Agents are the coolest wrappers on top of LLMs these days because, yes, Agents are limited by their model(s). The underlying model(s) you use is the brain of your agent’s body. If the model sucks at making decisions, there is no way to end up in anything good.

In fact, there is a trade-off between over spending our time in AI Agents vs Fine Tuning small models on specific tasks. 

Back to my topic, if you look for documentation, there is a lot, but for simplicity, Agents are programmed with Planning, Tools, and Memory (I am missing Instructions because its not coded, and I am oversimplifying)

Screenshot 2024-06-29 at 11.25.29.png

For each of the blocks described above, we have a lot of coding, and that's why I deliberately removed Instructions because Instructions are not coded.

This means in order to build our agents, we use a Framework.

An AI Framework (like CrewAI, Amazon Bedrock, Microsoft AutoGPT, or SAP Generative AI Hub) provide us the mechanism to develop the Agents, but if you look at the differences between the Frameworks, essentially we can summarize the differences in two blocks;

 

Screenshot 2024-06-29 at 11.48.29.png

 

Screenshot 2024-06-29 at 12.21.27.png

 

# 1. The Memory

Back to the origin of this blog, why we should be building our SAP AI agents on BTP and BTP only, Memory and Tools have a fundamental weight in the success of an SAP Agent scenario.

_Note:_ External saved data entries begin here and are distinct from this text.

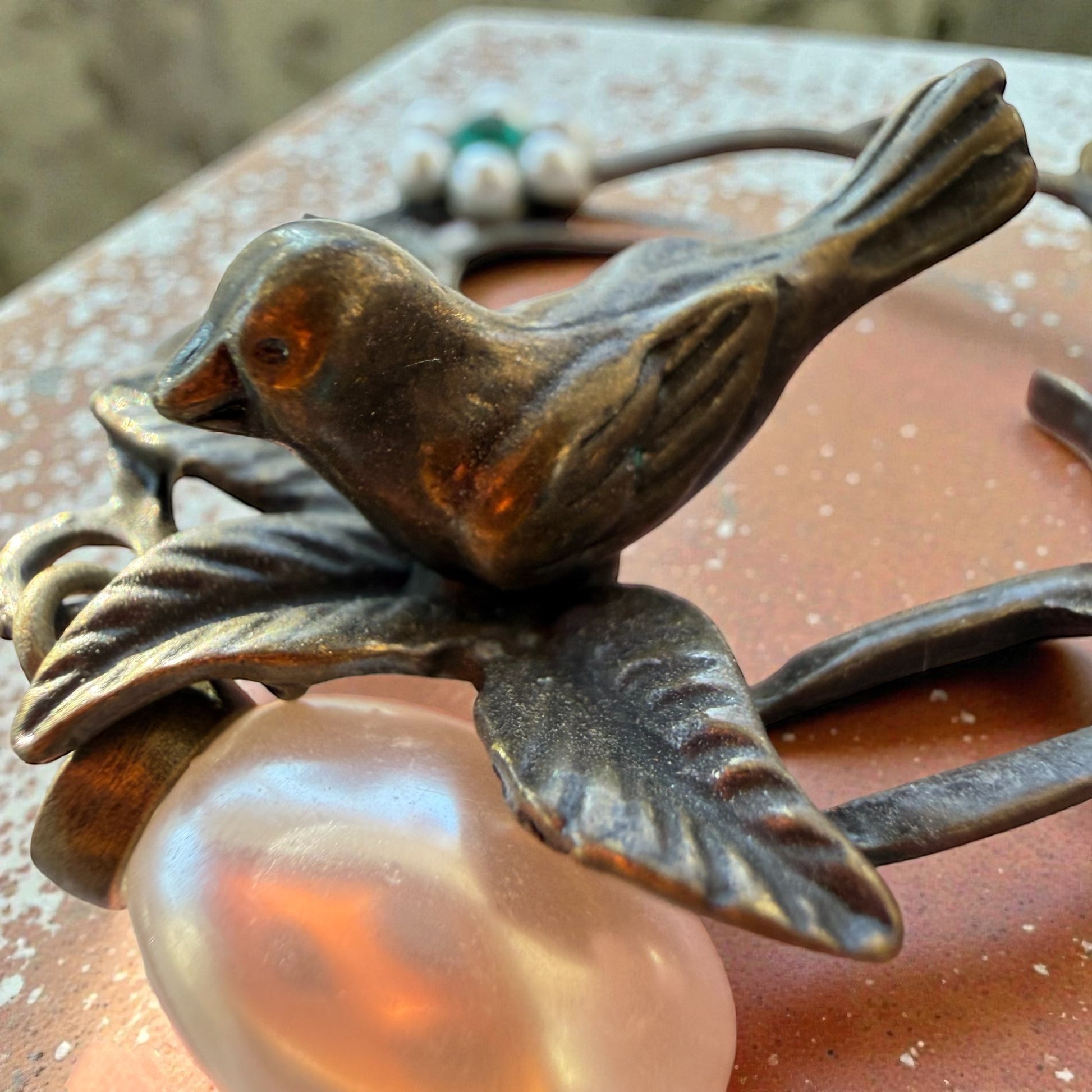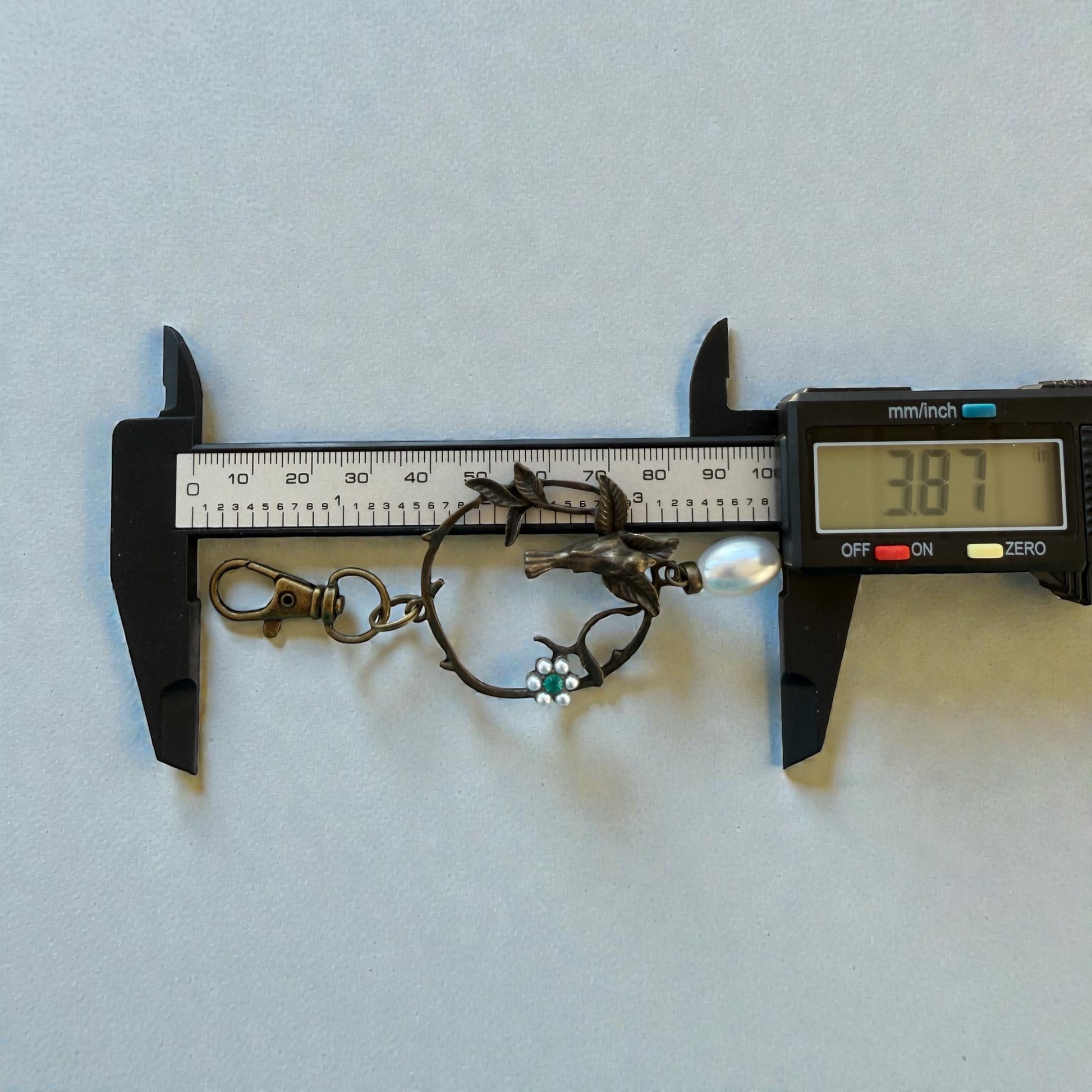 Vintage Bird & Pearl Purse Charm – Rustic Boho Branch Keychain
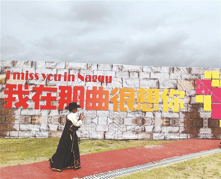 盛裝參加賽馬節(jié)的群眾經(jīng)過“我在那曲很想你”打卡點(diǎn)。
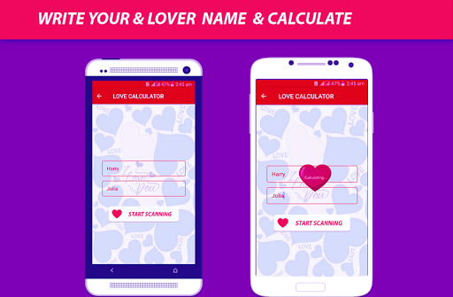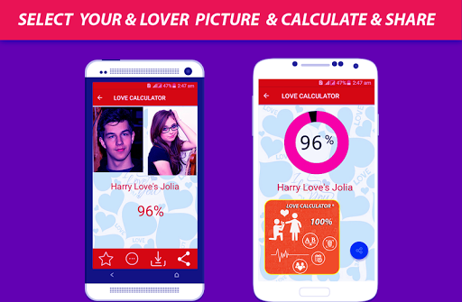 this app is fun app basically use to calculate the love between you and your near and dear ones this app calculate love in a multiple ways that is designed by us to entertain the lovers for example open the app and type the name of your and your lover like girlfriend or boyfriend
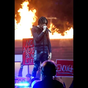 Lil Baby's performance at the Grammys last night was arguably the most talked about. The jarring visuals depicting police brutality against African-Americans opened up his set before delving into a grandiose performance of "The Bigger Picture." The rapper was assisted by Killer Mike who rapped a portion of Run The Jewels' "walking in the snow." Activist Tamika Mallory also appeared during Baby's performance with a powerful message calling on Joe Biden to lead the change.
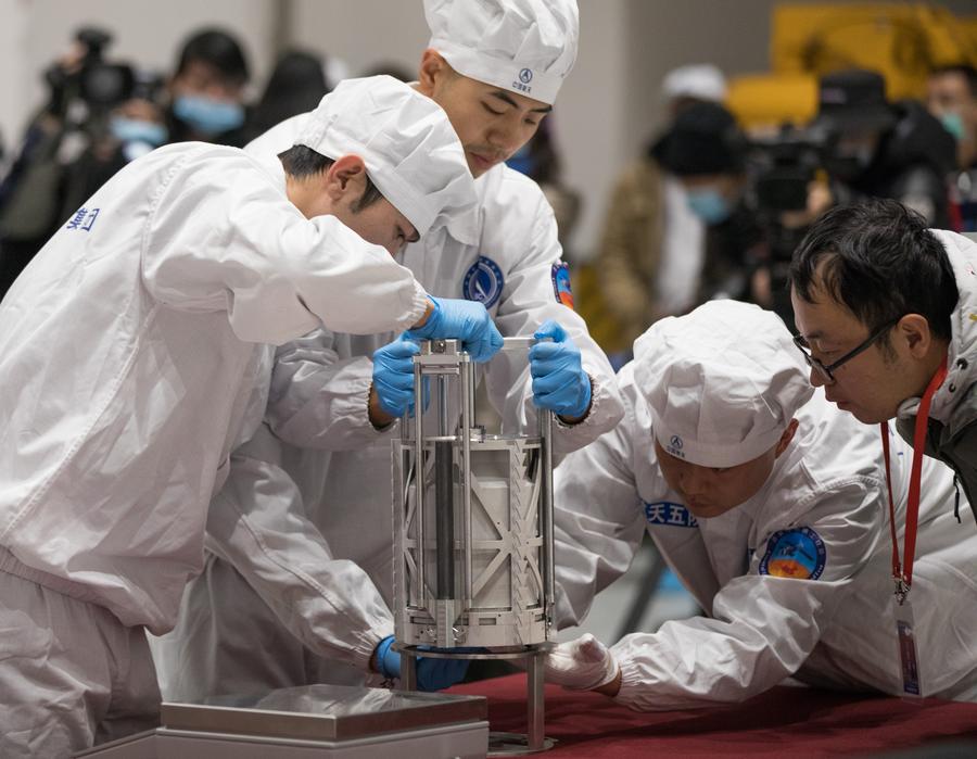 Scientific researchers prepare to weigh the moon samples retrieved by the Chang'e-5 probe in Beijing, capital of China, Dec. 17, 2020. (Xinhua/Jin Liwang)
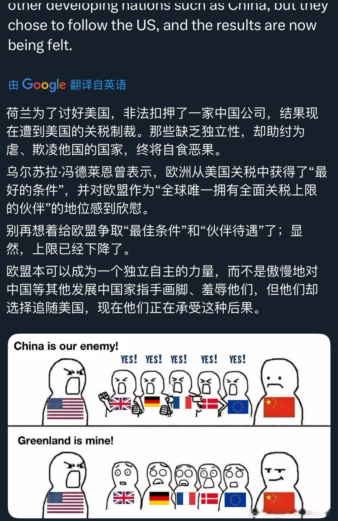特朗普因格陵兰岛向欧洲8国加税不少欧洲国家,尤其是小国,自以为在欧盟的大旗下就能逆国际局势与实力对比而为,动辄对发展中国家口诛笔伐、充当“教师爷”,在国际关系中搞冷战思维、选边站队,那么在乱世之中就注定会付出代价。北欧五国中,我对挪威与芬兰比较熟悉。多年前我还曾前往奥卢和赫尔辛基,参观过诺基亚实验室和芬兰造船厂。彼时的芬兰虽已初显颓势,但国家总体上仍务实踏实,政治上也延续着历史上“芬兰化”的传统,不过多介入复杂的国际纷争。“芬兰化”通常指一个弱小国家为保全自身,在军事、外交等核心事务上迁就强大邻国的政策。这个词源于冷战时期芬兰对苏联的政策实践。当时的芬兰坚持军事中立,不加入北约,也不参与任何针对苏联的军事同盟;在外交上高度自律,于国际事务中主动考虑苏联立场,避免公开批评;经济上则加强与苏联的经贸往来,未曾参与美国主导的“马歇尔计划”。许多芬兰人并不喜欢“芬兰化”这一称谓,视其为小国在强权压力下为求生存而被迫做出的屈辱性让步,认为该词过度简化甚至冒犯了芬兰那段艰难历史中所展现的灵活、务实的外交智慧。因此,“芬兰化”的传统在冷战后逐渐淡化,尤其是在桑娜·马琳上台后,芬兰的政治倾向性愈发明显,中立态度发生极大转变。到了如今的斯图布时期,芬兰外交部长出访时参与他国反对派游行、公开干涉内政;斯图布本人在内政经济上的政绩乏善可陈,反倒是在各种国际事务上冒进发声。与之相伴的是,芬兰的经济状况与社会环境已发生巨变,显得愈发孱弱且保守。此次在芬兰转机,感受与多年前相比已大不相同。小国在夹缝中求生存本就不易,当美国彻底抛弃国际秩序、开始霸凌盟友时,其处境便更加艰难。中国的公正、平和以及对小国的尊重,或许让某些国家产生了“可以随意欺侮他国”的错觉,借着欧盟的大旗狐假虎威,更让它们逐渐迷失了自我。冒然出头的芬兰如此,违法没收中国公司的荷兰等国如今也都开始面临国内发展的严峻问题。经济规律和实力对比不会迁就意识形态。经济差就是差,实力弱就是弱,关键时刻便会原形毕露。欧洲,可谓将一手好牌打得稀烂。欧洲与美国,正从两个方向向世界展示:西式民主在当今时代,是如何与现实脱节、与现状格格不入的。 芬兰总统回应美加征关税
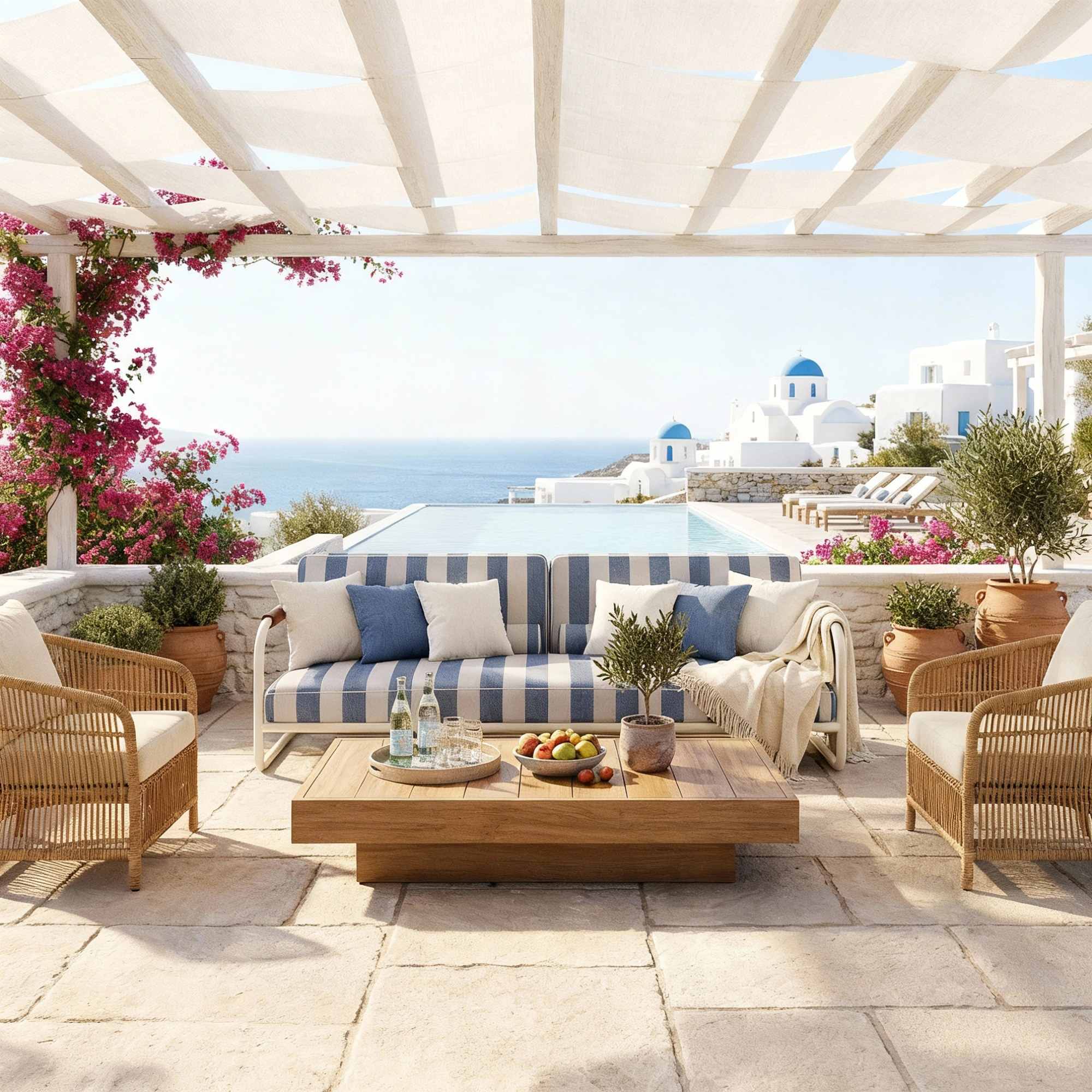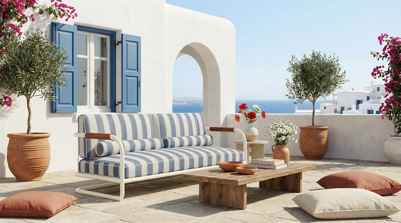 The Mougins Sofa embodies Mediterranean elegance with a modern twist. Hand-crafted in lacquered metal, this piece is built to withstand outdoor living while showcasing refined design. Its carefully detailed back features subtle iroko wood accents, adding warmth and natural texture. Upholstered in striped fabric, the sofa offers generous depth and height for unmatched comfort, complemented by cylindrical cushions for a timeless coastal aesthetic.

Langchain, LlamaIndex or CrewAI provide sophisticated memory systems for AI agents that includes Short term and long term memory, as well as shared memory or contextual memory, but all of them are FIFO queues based on Function Calling, summarizing the memory management there are two options in discussion

  • Online Memory: indicates whether a solution can dynamically construct a prompt being fed to the model in real-time based on the agent’s past memory, external knowledge, and current user prompt. Then the memory is inserted in prompts.
  • Offline Memory (Reflection): indicates whether a solution can reflect on an agent’s past memory to learn experiences, distill knowledge, remove unnecessary sentences, etc. This is more complex as it requires mechanisms to read and write past memory.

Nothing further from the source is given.